I have the following dictionary:
ip_dict = 
{
    "doc_1" : {
                "img_1" : ("FP","some long text"),
                "img_2" : ("LP", "another long text"),
                "img_3" : ("Others", "long text"),
                "img_4" : ("Others", "some loong text"),
                "img_5" : ("FP", "one more text"),
                "img_6" : ("FP", "another one"),
                "img_7" : ("LP", "ANOTHER ONE"),
                "img_8" : ("Others", "some text"),
                "img_9" : ("Others", "some moretext"),
                "img_10" : ("FP", "more text"),
                "img_11" : ("Others", "whatever"),
                "img_12" : ("Others", "more whatever"),
                "img_13" : ("LP", "SoMe TeXt"),
                "img_14" : ("Others", "some moretext"),
                "img_15" : ("FP", "whatever"),
                "img_16" : ("Others", "whatever"),
                "img_17" : ("LP", "whateverrr")
            },
    "doc_2" : {
                "img_1" : ("FP", "text"),
                "img_2" : ("FP", "more text"),
                "img_3" : ("LP", "more more text"),
                "img_4" : ("Others", "some more"),
                "img_5" : ("Others", "text text"),
                "img_6" : ("FP", "more more text"),
                "img_7" : ("Others", "lot of text"),
                "img_8" : ("LP", "still more text")
            }
}
Here FP represents the first page and LP the last page.

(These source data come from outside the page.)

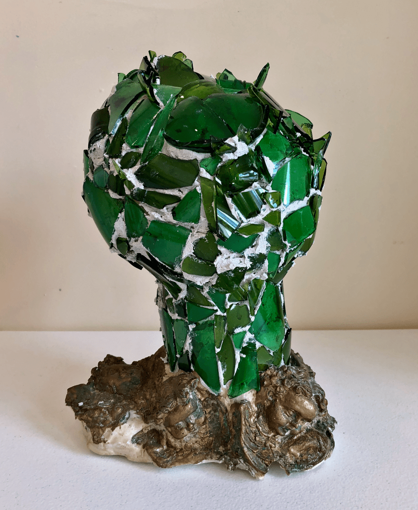 .0658a 1994, revised 2022 April 10, 2022betsypackard1 Comment Plaster, glass, metallic leaf, grout. 14″x 11″ diameter. Collection of the artist.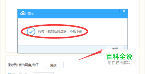 就出现了同时下载任务过多,不能下载的提示框,我们就要先点击 关闭按钮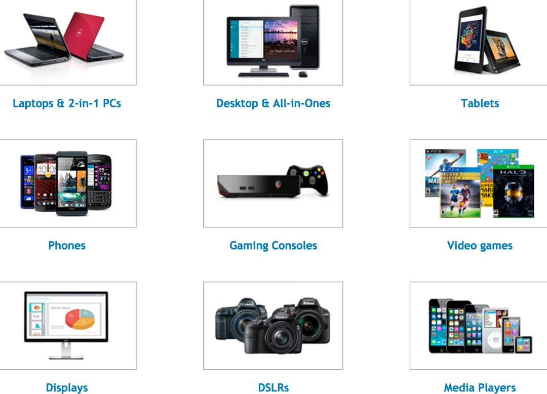 虽然是以Dell的Gift Card结算,但是不只收购二手的戴尔产品,其他品牌的也接受。收购的种类也很多,除了电脑、手机、平板、游戏机等,还可以来Trade-In数码照相机。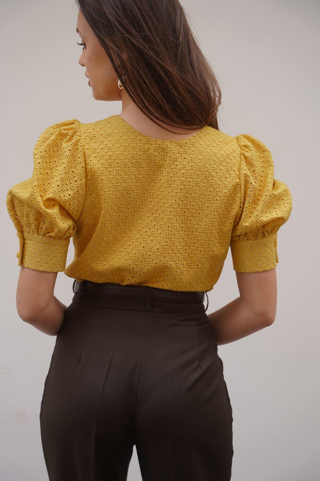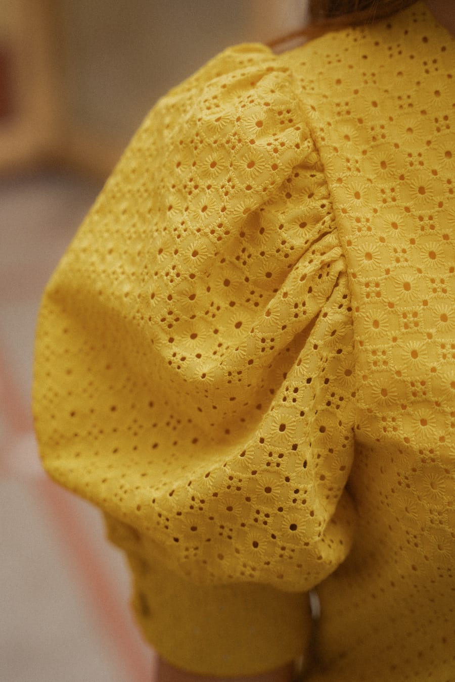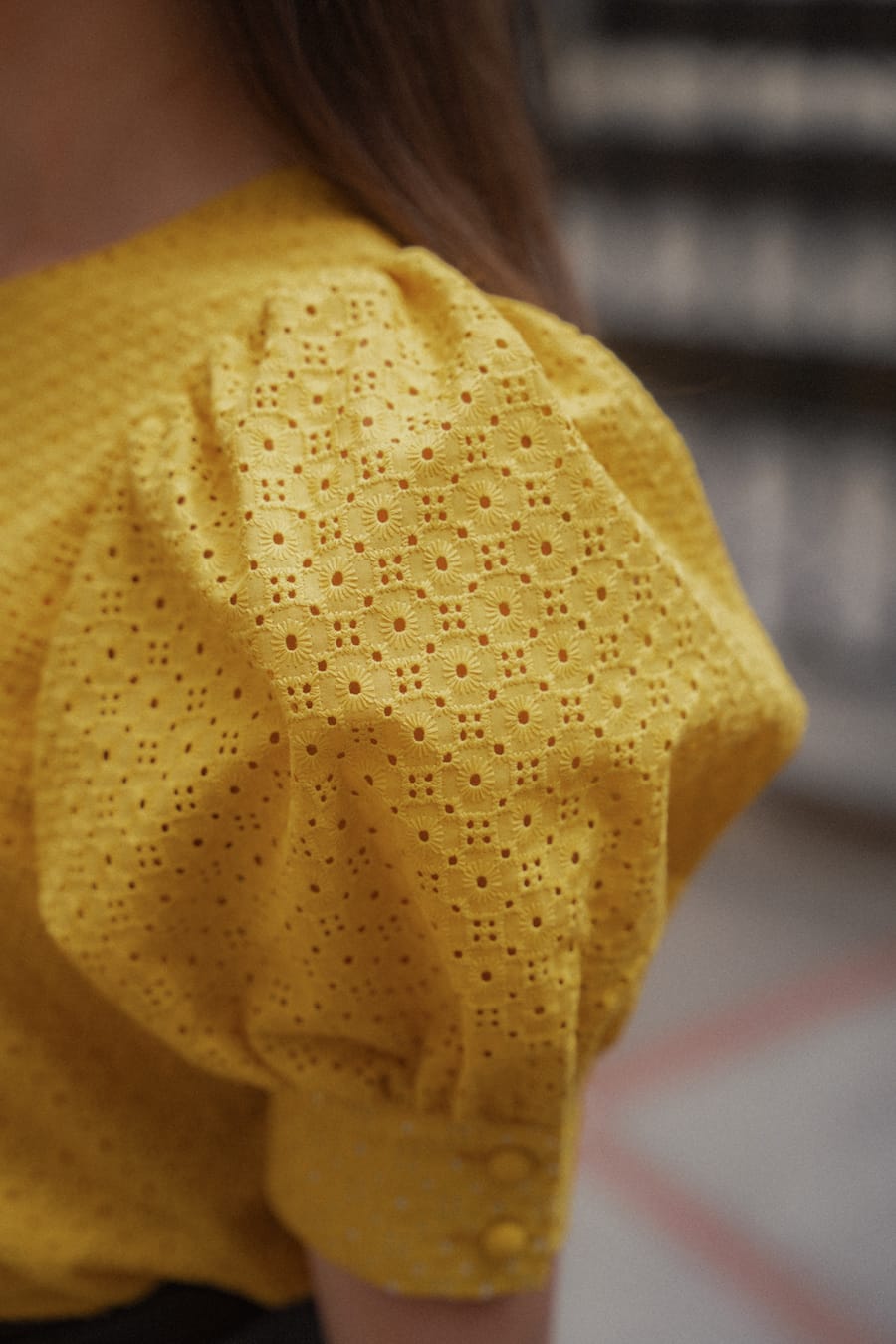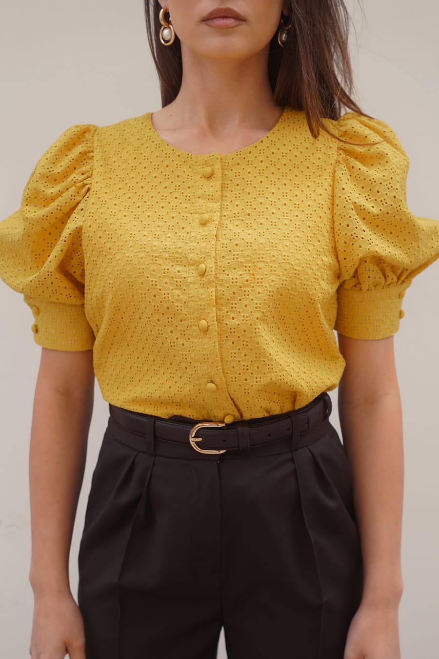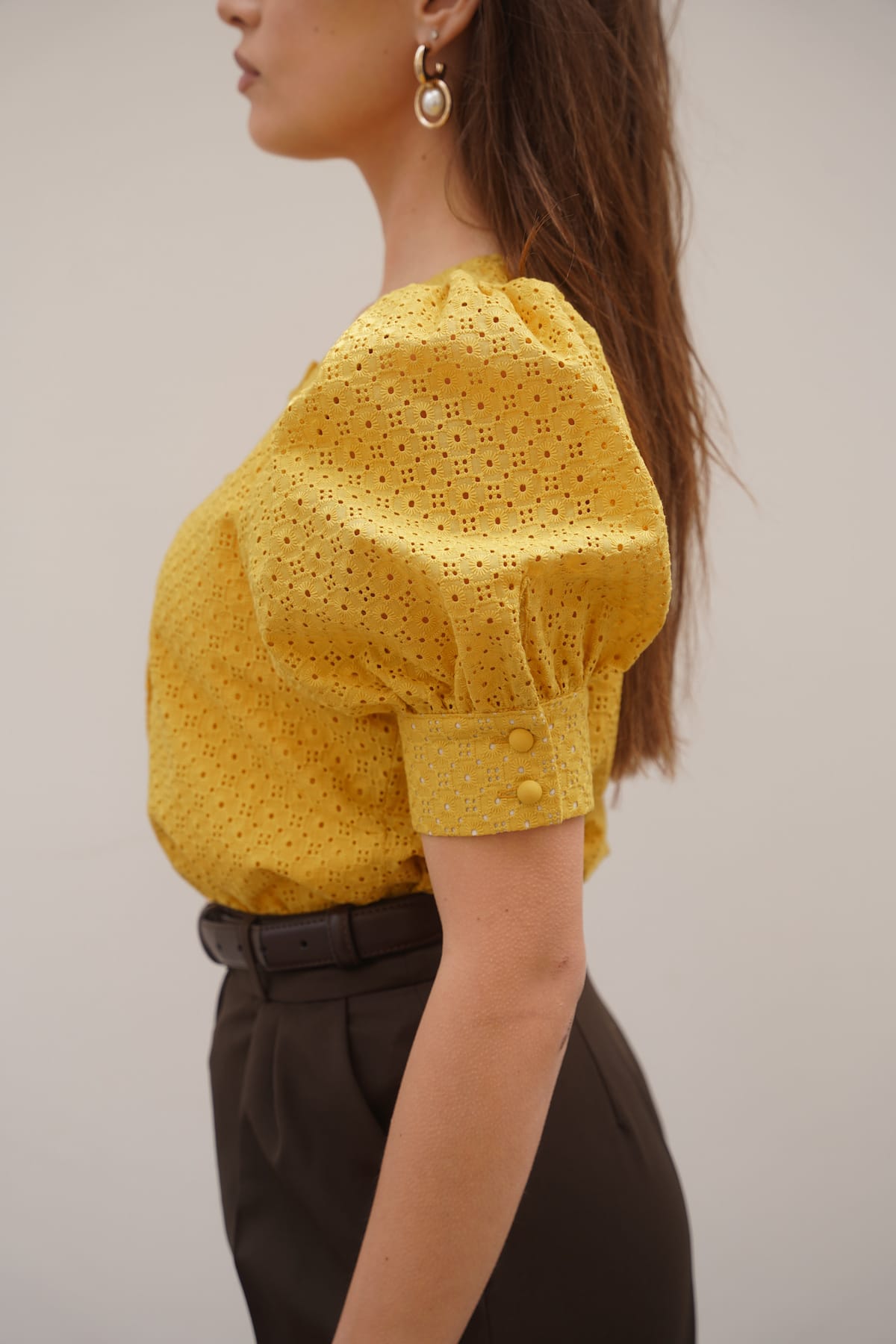 Letnia, kobieca bluzka uszyta z delikatnej, haftowanej bawełny w ciepłym, słonecznym odcieniu żółci. Posiada krótkie, bufiaste rękawy zakończone mankietem oraz elegancki, okrągły dekolt. Z przodu zapinana na oblekane guziki, które dodają całości subtelnego uroku. Naturalna tkanina zapewnia przewiewność i komfort noszenia w ciepłe dni, a ażurowy wzór wprowadza lekkość i romantyczny charakter. Z przodu i tyłu została wszyta podszewka. Idealna do zestawienia z jasnymi spodniami lub spódnicą — zarówno na co dzień, jak i na letnie okazje.

For all the docs I only want to extract the FP and LP. For the Others, if they lie between FP and LP only then extract them, as they represent the pages between FP and LP. If they lie outside FP and LP then ignore them. Also for FP which are not followed by a LP, treat them as a single page and extract them. So my output dictionary would look like:
op_dict = 
{
    "doc_1" : [
                {
                "img_1" : ("FP","some long text"),
                "img_2" : ("LP", "another long text")
                },
                {
                    "img_5" : ("FP", "one more text")
                },
                {
                    "img_6" : ("FP", "another one"),
                    "img_7" : ("LP", "ANOTHER ONE")
                },
                {
                    "img_10" : ("FP", "more text"),
                    "img_11" : ("Others", "whatever"),
                    "img_12" : ("Others", "more whatever"),
                    "img_13" : ("LP", "SoMe TeXt"),
                },
                {
                    "img_15" : ("FP", "whatever"),
                    "img_16" : ("Others", "whatever"),
                    "img_17" : ("LP", "whateverrr"),
                }
            ],
    "doc_2" : [
                {
                "img_1" : ("FP", "text")
                },
                {        
                "img_2" : ("FP", "more text"),
                "img_3" : ("LP", "more more text")
                },        
                {
                "img_6" : ("FP", "more more text"),
                "img_7" : ("Others", "lot of text"),
                "img_8" : ("LP", "still more text")
                },
            ]
}
As you can see, all the FP and LP have been extracted, but also those Others which are in between FP and LP have also been extracted and stored in a dictionary. Also those FP which are not followed by a LP have also been extracted.
PS:
ip_dict = 
{
    "doc_1" : {
                "img_1" : ("LP","some long text"),
                "img_2" : ("Others", "another long text"),
                "img_3" : ("Others", "long text"),
                "img_4" : ("FP", "long text"),
                "img_5" : ("Others", "long text"),
                "img_6" : ("LP", "long text")
            }
}
op_dict =     {
        "doc_1" : [{
                    "img_1" : ("LP","some long text")
                },
                    {
                    "img_4" : ("FP", "long text"),
                    "img_5" : ("Others", "long text"),
                    "img_6" : ("LP", "long text")
                    }
                  ]
    
              }
Any help is appreciated!